Hongkongs Regierungschefin Carrie Lam hatte zuvor die für den 6. September angesetzte Parlamentswahl um ein Jahr verschoben. Sie begründete dies mit der Coronavirus-Pandemie. Der Schritt ist ein Rückschlag für die Demokratiebewegung in Hongkong, da die Opposition mit einer Mehrheit der Stimmen gerechnet hatte.

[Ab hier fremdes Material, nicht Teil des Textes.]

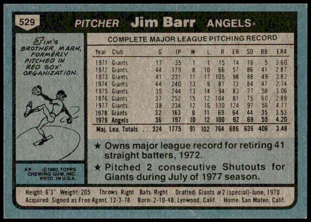 This Baseball card, from 1980 is part of the Topps  card set. Jim Barr is featured and has a card number of 529.
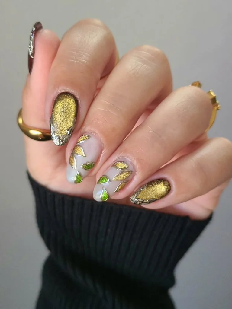Rich golden shimmer dominates this nail set, instantly catching the light with each movement. Some nails feature delicately placed metallic green and gold leaf motifs over a translucent base. The effect is bold yet balanced, blending opulence with natural inspiration.
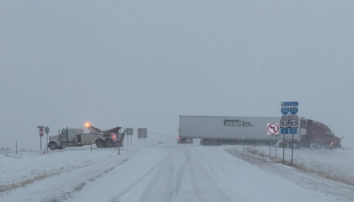 Winter weather conditions have created hazardous travel across much of the region, with low visibility and icy surfaces reported along I-94 between Bismarck and Jamestown. The Highway Patrol is urging motorists to reduce speeds, keep extra distance between vehicles, and avoid unnecessary travel as plow crews continue clearing routes.
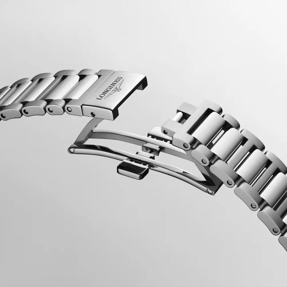 腕表配备 不锈钢表链与安全折叠表扣,佩戴舒适且安全。凭借 10 ATM / 100 m 防水性能、优质机芯和通用尺寸设计,适合日常佩戴以及运动优雅场合。
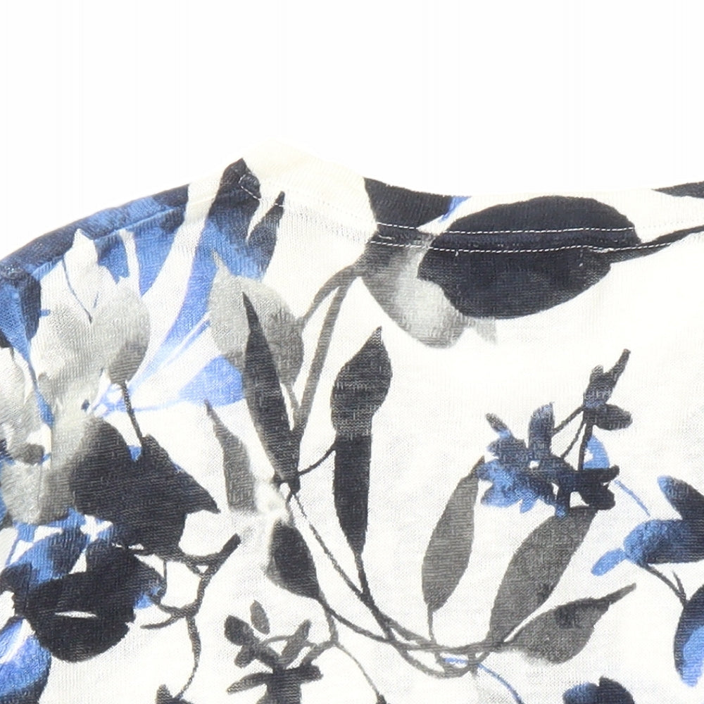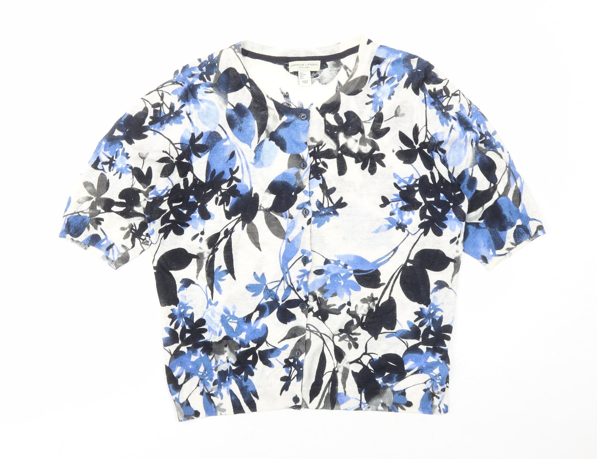 Adrienne Vittadini Womens Blue Round Neck Floral Linen Cardigan Jumper Size L
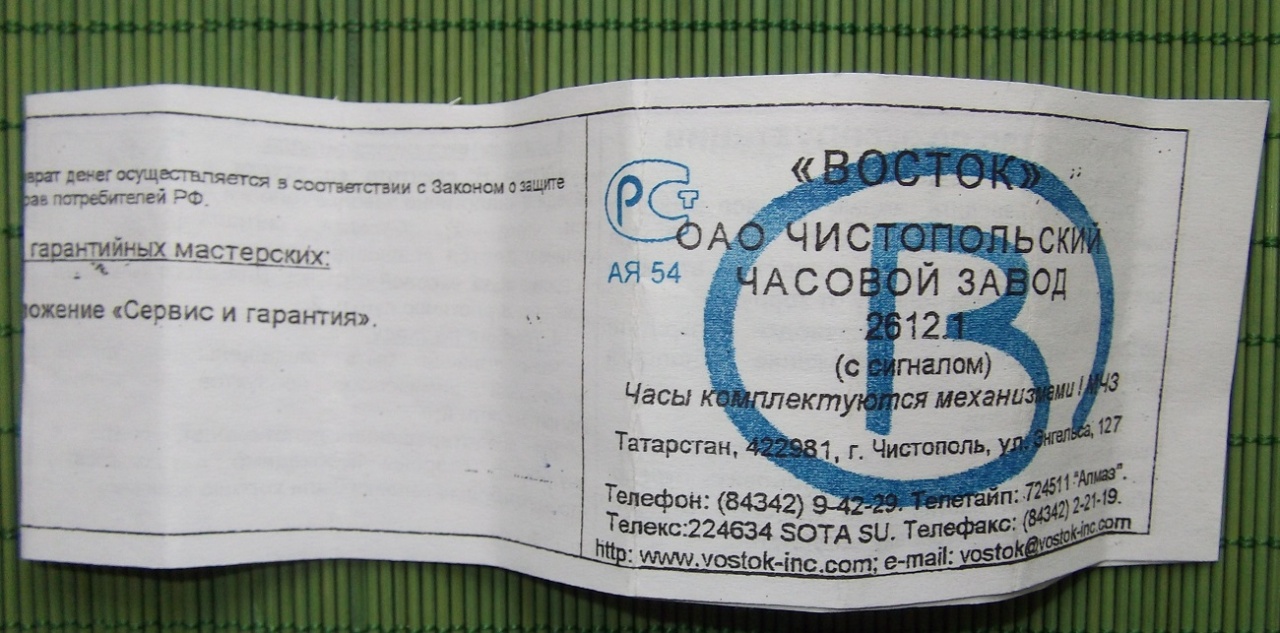 | восток сигнал 2612 |
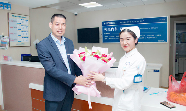 這位護(hù)士的遭遇牽動(dòng)著醫(yī)院領(lǐng)導(dǎo)的心。得知事件發(fā)生后,院領(lǐng)導(dǎo)高度重視,醫(yī)院工會(huì)立即組織慰問(wèn)。本月18日,院長(zhǎng)項(xiàng)耀鈞、工會(huì)主席吳春芳、副院長(zhǎng)周詠梅等領(lǐng)導(dǎo)來(lái)到事發(fā)病區(qū),親切慰問(wèn)了受傷護(hù)士,對(duì)她的遭遇表達(dá)了深切的關(guān)懷,對(duì)她的堅(jiān)忍和寬容給予了肯定,同時(shí),更對(duì)背后默默理解與支持這位護(hù)士的家屬表示由衷的感謝。

Schon vor der Verschiebung der Parlamentswahl hatte das sogenannte Sicherheitsgesetz, das Ende Juni verabschiedet worden war, international für scharfe Kritik gesorgt. Es richtet sich gegen Aktivitäten, die China als subversiv, separatistisch oder terroristisch ansieht. Auch soll es "heimliche Absprachen" mit Kräften im Ausland bestrafen. Befürchtet wird ein Ende des Prinzips "Ein Land, zwei Systeme", wonach die frühere britische Kronkolonie seit der Rückgabe 1997 an China autonom und mit Freiheitsrechten verwaltet wird.

Auch die Unabhängigkeit des Justizsystems stellt das Gesetz infrage. Daher haben unter anderem die USA, Kanada und Großbritannien bereits ihre Auslieferungsabkommen mit Hongkong ausgesetzt und für China geltende Waffenembargos auf Hongkong ausgeweitet.